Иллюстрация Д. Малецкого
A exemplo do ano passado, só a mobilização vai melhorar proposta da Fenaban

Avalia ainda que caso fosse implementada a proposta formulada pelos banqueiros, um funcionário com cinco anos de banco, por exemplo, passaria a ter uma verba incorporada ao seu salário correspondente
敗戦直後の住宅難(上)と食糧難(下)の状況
★ ★ ★
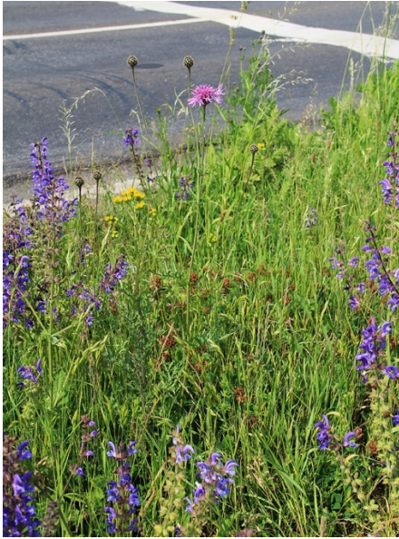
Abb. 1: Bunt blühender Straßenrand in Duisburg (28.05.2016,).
★ ★ ★
Pull out all lines from the entries above in which the word "proposta" appears.

SOLUTION FOR THIS EXERCISE -
A exemplo do ano passado, só a mobilização vai melhorar proposta da Fenaban
Avalia ainda que caso fosse implementada a proposta formulada pelos banqueiros, um funcionário com cinco anos de banco, por exemplo, passaria a ter uma verba incorporada ao seu salário correspondente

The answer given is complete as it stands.